Charles Perrault’s Little Red Riding Hood


Although we can fill in the gaps left by Perrault’s version of Little Red Riding
Hood, this is simply because most of us have heard another version. If we had read
Perrault’s version first, we would be left confused and without a complete story.
There are multiple features of classic fiction that are simply left out of this telling of
the familiar story.
One major part of this retelling is the missing character descriptions. We
learn almost nothing about Little Red Riding Hood from the description Perrault
provides. We learn only that she is beautiful and loved by both her mother and
grandmother. We have no idea about her age, appearance, personality
characteristics, or any other important features about the girl in the red hood.
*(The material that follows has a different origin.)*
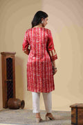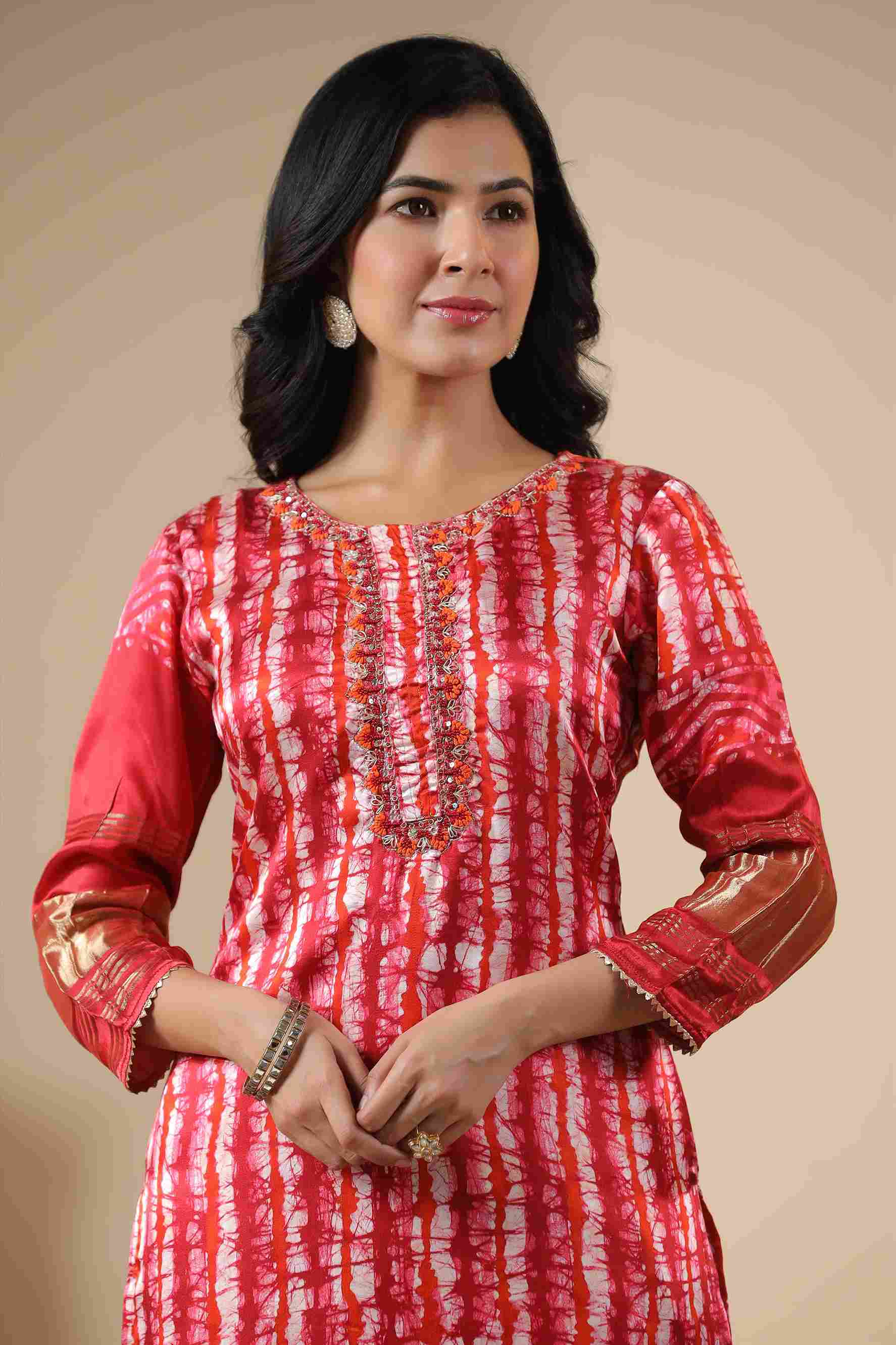 Elevate your ethnic wardrobe with this women’s Gaji silk red printed kurta, designed in a graceful straight-cut silhouette. Crafted from premium Gaji silk fabric, this kurta features a classic round neckline, 3/4th sleeves, and a vibrant tie-dye print enhanced with zari work. Perfect for festive occasions and traditional outings, this fully stitched kurta pairs beautifully with trousers or leggings.

Another character we learn almost nothing about is the wolf. The character is not
described or introduced, leaving us unsure exactly why the wolf wanted to eat the
little girl and her grandmother in the first place. No descriptions of the wolf’s
character provide any insight about what will happen in the story, simply because
there are none.
Another major feature that this story is missing is figurative, descriptive
language. This could be because of multiple re-tellings and loss of detail over time.
However, Perrault could have easily added detail to his story that would have made
the characters, setting, and plot come alive. Some descriptions of the setting and
characters could draw in readers and take them through the woods with Little Red
Riding Hood on her journey to her grandmother’s house.
Perrault’s version of the popular fairy tale lacks a one element that other
versions provide- a resolution. The conflict, or the desire of the wolf to eat the little
girl, is resolved in other versions, such as the Grimm brothers’, where both
Grandmother and Little Red remain unharmed. The conflict and resolution of the
Grimm brothers are both engaging and reassuring, where as Perrault’s version
leaves granny and Little Red eaten by the wolf, causing a lack of sense of completion
and wholeness from the story. No one wants to see the bad guy win, and having the
characters that are most appealing to the audience killed off leaves a sense of
incompletion and possibly even confusion or dissatisfaction.
While there are many aspects that leave the reader of Perrault’s version of
Little Red Riding Hood with a feeling of an incomplete story, I feel that the ones I
listed were what impacted by feeling about the story. There are many aspects of the
story that could be changed to fit our ideas of what fiction should provide.